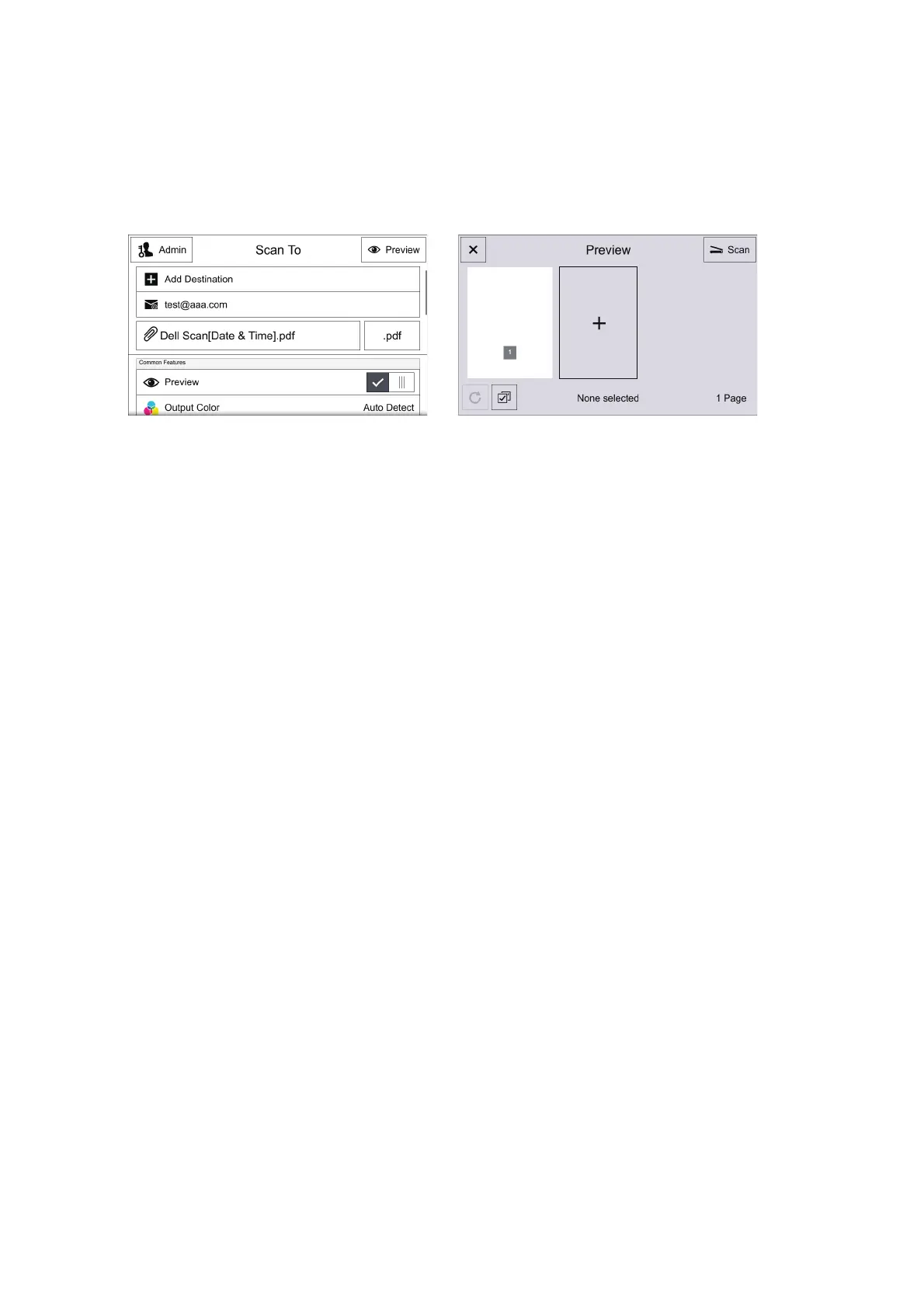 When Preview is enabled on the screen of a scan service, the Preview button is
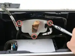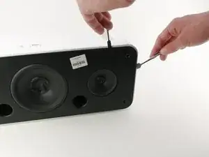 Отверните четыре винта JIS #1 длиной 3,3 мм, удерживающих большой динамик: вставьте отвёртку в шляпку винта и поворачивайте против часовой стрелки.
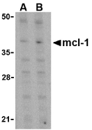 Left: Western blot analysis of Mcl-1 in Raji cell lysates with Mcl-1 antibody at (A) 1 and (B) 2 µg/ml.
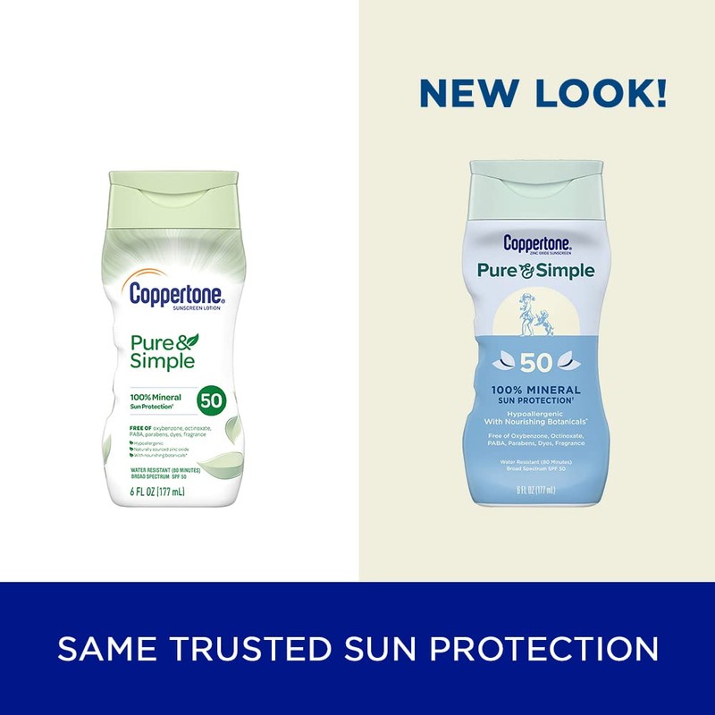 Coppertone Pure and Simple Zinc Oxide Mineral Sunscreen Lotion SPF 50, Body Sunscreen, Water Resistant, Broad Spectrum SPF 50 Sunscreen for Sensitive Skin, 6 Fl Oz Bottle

Problem details:
Find the line containing "Left: Western blot" in the listing above. Restate it and every line after it, word for word, through the final line, leaving out the pictures.

Written response:
 Left: Western blot analysis of Mcl-1 in Raji cell lysates with Mcl-1 antibody at (A) 1 and (B) 2 µg/ml.
 Coppertone Pure and Simple Zinc Oxide Mineral Sunscreen Lotion SPF 50, Body Sunscreen, Water Resistant, Broad Spectrum SPF 50 Sunscreen for Sensitive Skin, 6 Fl Oz Bottle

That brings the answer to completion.